What you need to do = Your task is to restate word for word the lines in the material below, from the one with "브렌트유, 66.11달러로 0.71달러 올라 … 두바이유는 62.93달러" up to and including the one with "Sunflower Rustic Wedding". Do not carry over the pictures.

Records shown =
============================================================

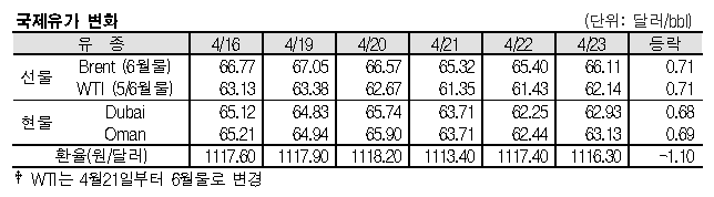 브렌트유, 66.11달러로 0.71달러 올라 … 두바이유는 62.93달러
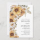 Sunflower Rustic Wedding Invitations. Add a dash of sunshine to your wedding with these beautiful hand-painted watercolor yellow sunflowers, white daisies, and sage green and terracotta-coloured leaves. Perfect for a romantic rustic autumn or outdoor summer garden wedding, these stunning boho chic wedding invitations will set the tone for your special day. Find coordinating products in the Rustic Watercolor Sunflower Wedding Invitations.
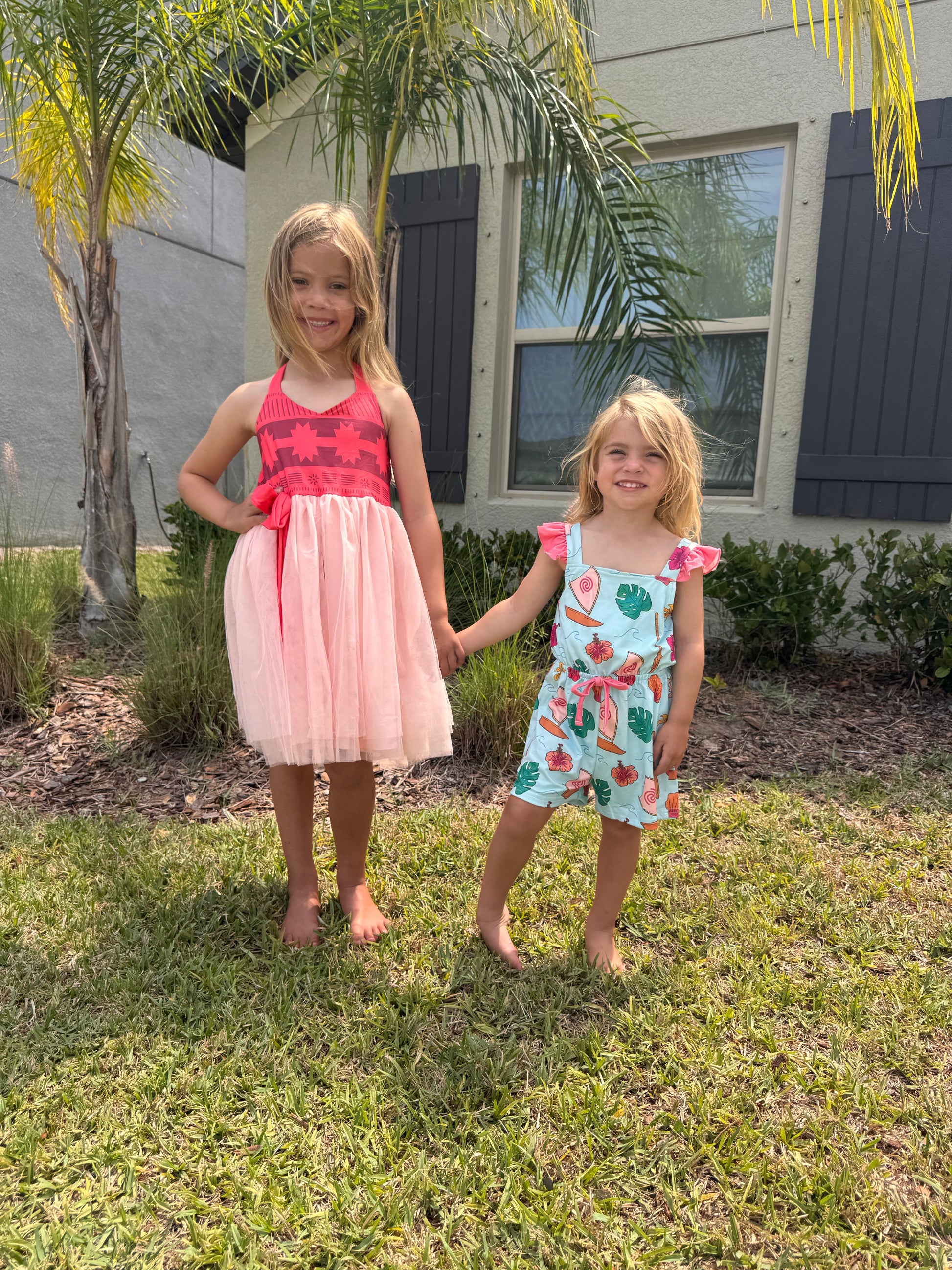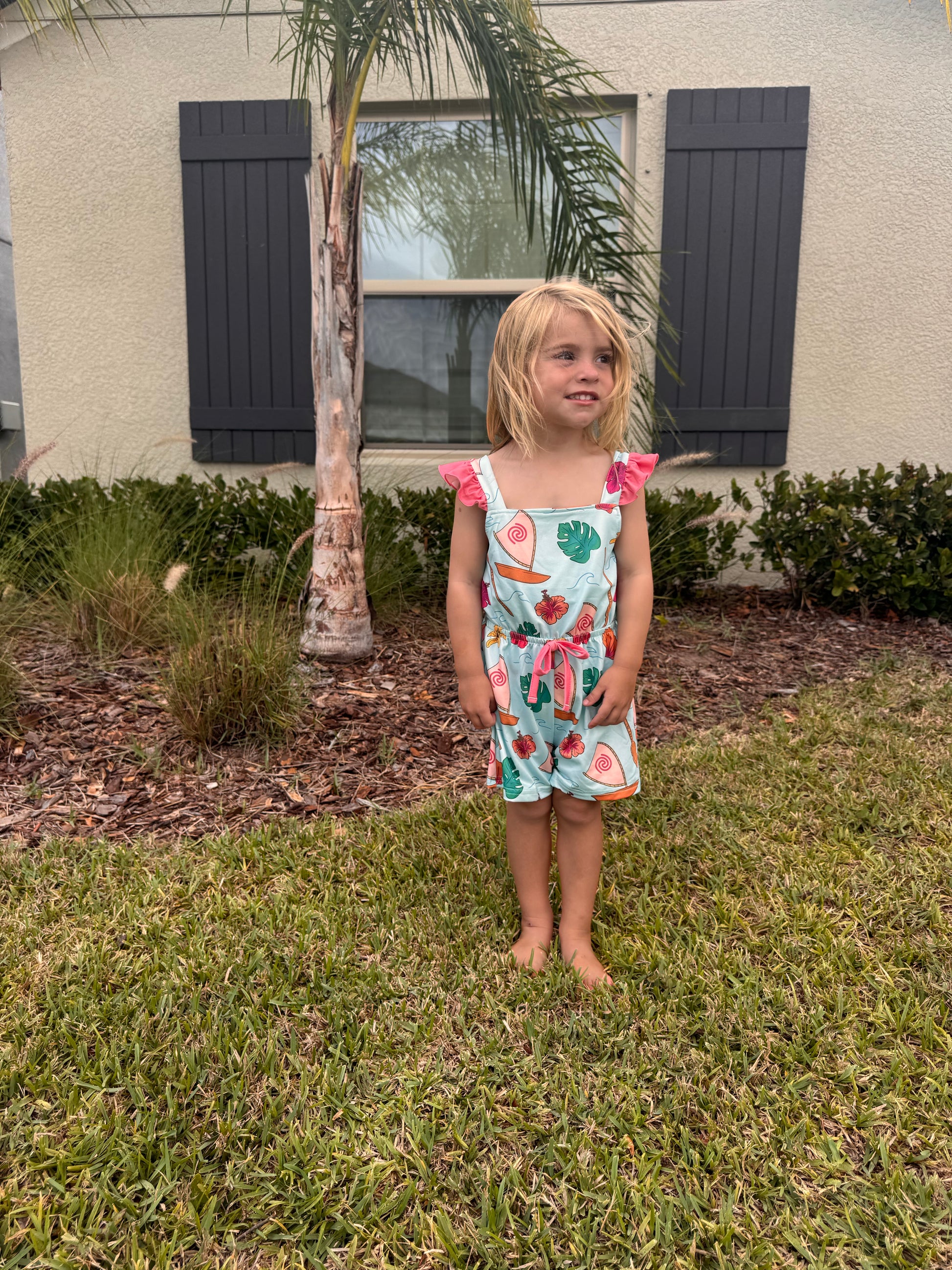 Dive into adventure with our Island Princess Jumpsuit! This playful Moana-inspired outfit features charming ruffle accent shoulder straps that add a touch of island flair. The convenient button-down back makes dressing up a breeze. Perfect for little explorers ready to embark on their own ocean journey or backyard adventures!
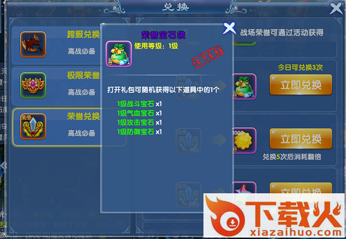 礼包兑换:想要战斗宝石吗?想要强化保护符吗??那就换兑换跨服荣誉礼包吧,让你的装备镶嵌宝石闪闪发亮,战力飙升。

============================================================

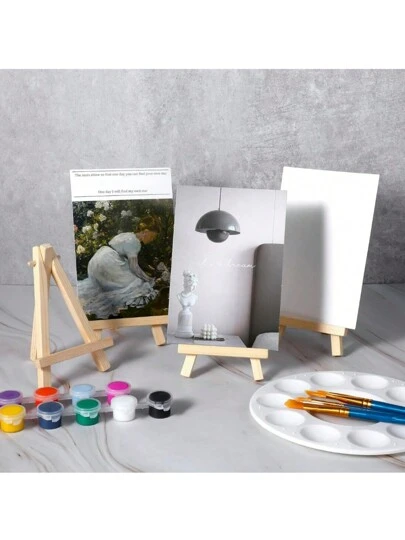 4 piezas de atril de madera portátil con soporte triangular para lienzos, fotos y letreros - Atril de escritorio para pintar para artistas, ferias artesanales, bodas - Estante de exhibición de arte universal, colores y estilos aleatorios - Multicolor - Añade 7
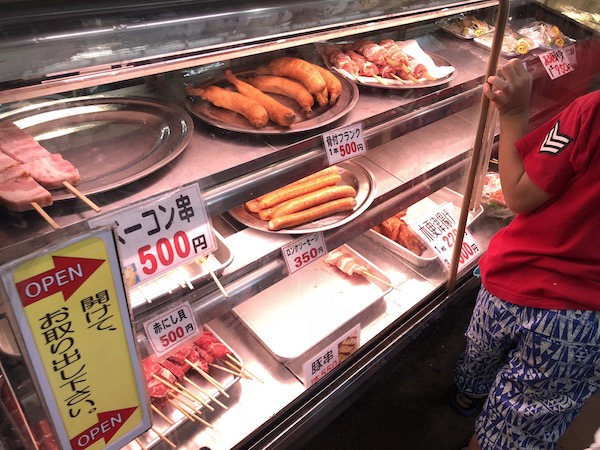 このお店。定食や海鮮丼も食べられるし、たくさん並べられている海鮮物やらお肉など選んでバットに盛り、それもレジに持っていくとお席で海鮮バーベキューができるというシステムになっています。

============================================================

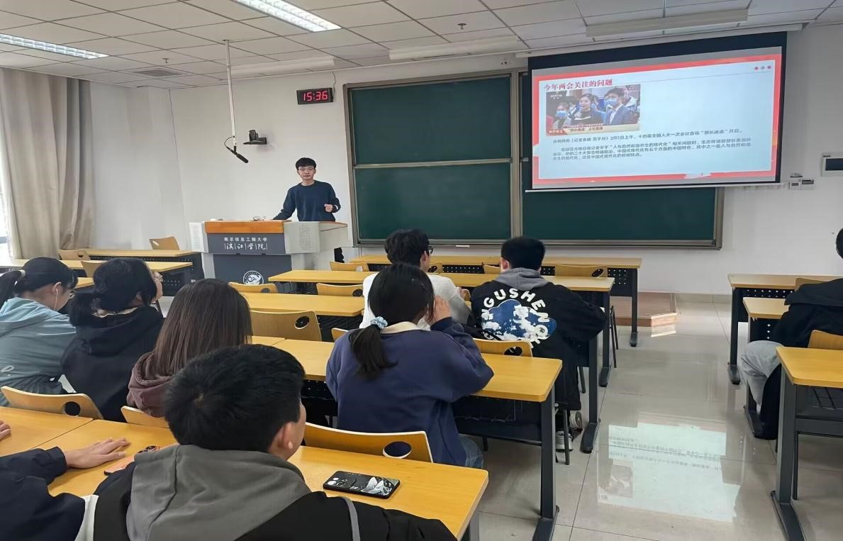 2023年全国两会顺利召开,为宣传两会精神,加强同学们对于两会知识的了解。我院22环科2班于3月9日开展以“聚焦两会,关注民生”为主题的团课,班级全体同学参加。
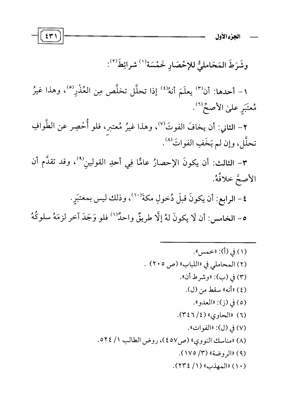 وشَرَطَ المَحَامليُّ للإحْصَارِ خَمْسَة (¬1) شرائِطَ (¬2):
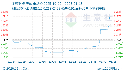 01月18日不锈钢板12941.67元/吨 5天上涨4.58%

============================================================

Result of the exercise =
 브렌트유, 66.11달러로 0.71달러 올라 … 두바이유는 62.93달러
 Sunflower Rustic Wedding Invitations. Add a dash of sunshine to your wedding with these beautiful hand-painted watercolor yellow sunflowers, white daisies, and sage green and terracotta-coloured leaves. Perfect for a romantic rustic autumn or outdoor summer garden wedding, these stunning boho chic wedding invitations will set the tone for your special day. Find coordinating products in the Rustic Watercolor Sunflower Wedding Invitations.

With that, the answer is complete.